Proponents of changing the name of the body of water behind Glen Canyon Dam along the Utah-Arizona border argued that calling it a "lake" does not accurately define its birthright and that the Lake Powell moniker duplicates the name of a small natural lake on a Colorado peak that drains into the same watershed.
But staff to the U.S. Board of Geographic Names say that, in discussions before today's session in Florida, board members determined neither of those arguments was significant enough to warrant renaming the internationally recognized recreation oasis on the Colorado Plateau, christened for frontier explorer John Wesley Powell. More than 30,000 of the approximately 75,000 reservoirs in the United States are named with the generic term "Lake," according to a staff report to be presented to the board. The briefing also notes the board's 1959 vote to name the reservoir "Lake Powell" pre-dated the board's 1961 approval of the name "Powell Peak" for the Colorado summit where the smaller Lake Powell is located. The board received 163 e-mail messages and letters on the proposal, and all but 13 were opposed. Opposition also was expressed in petitions bearing thousands of signatures and hundreds of ballot-style comment forms solicited by the board. The number of comments is believed by board staff to be the most received on any naming request before the board, which began officially dubbing geographic features in 1890.
''To have this many responses is highly unusual,'' said Roger Payne, executive secretary to the board. ''Because of the overwhelming opposition, I don't anticipate there will be much discussion by the board on this request.''
The renaming proposal was submitted last year by the Coalition to Rename Lake Powell, an alliance of environmental organizations including the Utah-based groups Living Rivers, Colorado Plateau Guides, Utah Environmental Congress and the Glen Canyon Institute. Testifying earlier this month to the Arizona State Board of Geographic Names, coalition leader Nancy Jacques, of Durango, Colo., refuted arguments that the renaming campaign was a thinly veiled first step toward public acceptance of decommissioning the dam and draining Lake Powell to reclaim the long-submerged canyon country.
''Whether or not a reservoir is good or bad is not the issue,'' said Jacques. ''The water body in question today exists. What best describes it?''
But most opponents urged the panel to recognize the request as part of a long-standing effort to pull the plug on Lake Powell.
''Draining a reservoir for their self-serving purposes must seem more 'romantically' acceptable than draining a lake,'' wrote Joyce Logan, of Kanab.
While most of the interest came from the Mountain West, the question of renaming Lake Powell drew responses from around the country.
''Throughout history, authoritarian regimes such as the Soviets, the Nazis and both sides in the Israeli-Palestinian conflict have used place names to advance ideas and images,'' wrote Gary Shepard, a Penn State geography graduate student. ''The renaming of Lake Powell would be no different.''
Letters of opposition also came from dozens of Western water boards, all of the federal land management agencies, regional tourism bureaus and chambers of commerce, and the entire Utah congressional delegation. Rep. Rob Bishop, R-Utah, called it an ''unmeritorious request'' while Rep. Jim Matheson, D-Utah, said it ''serves no public purpose, is a disservice to the history of the region and should be rejected.''
Wrote Sen. John McCain, R-Ariz.: ''It seems the name change would only serve to aggravate the long-standing debate over the construction of Glen Canyon Dam without any practical benefit. It would still be known as Lake Powell to the many Arizonans and others that have enjoyed this resource for so many years.''
The name change request prompted an unusual expression of opposition from within the U.S. Geologic Survey (USGS), the federal agency that sponsors the Board of Geographic Names.

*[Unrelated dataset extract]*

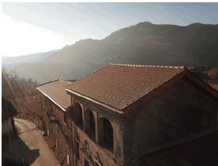
Situazione dopo i lavori di sistemazione del tetto (dicembre 2021)

The USGS and the board's offices are headquartered in the John Wesley Powell Federal Building in the Washington suburb of Reston, Va. Powell is a founding father of the USGS and is largely seen as its spiritual figurehead. A recent lecture in the employee auditorium at USGS headquarters included a historian dressed in frontier-era garb discussing the daring exploits of the one-armed major and his pioneering 1869 navigation of the Colorado River.
''It seems spurious to change the name of such a popular and well-known feature based solely on the desire of such a small organization, rather than on the desires of the general public,'' wrote Susan Haseltine, USGS associate director for biology.
But there were a handful of Westerners who told the board that a man-made lake which drowned the wild Colorado River is not the proper commemoration of Powell's legacy of Western settlement.
Glen Canyon Reservoir would be ''definitely more appropriate,'' wrote Rob and Eve Gill of Prescott, Ariz. "The reservoir is no tribute to John Wesley Powell."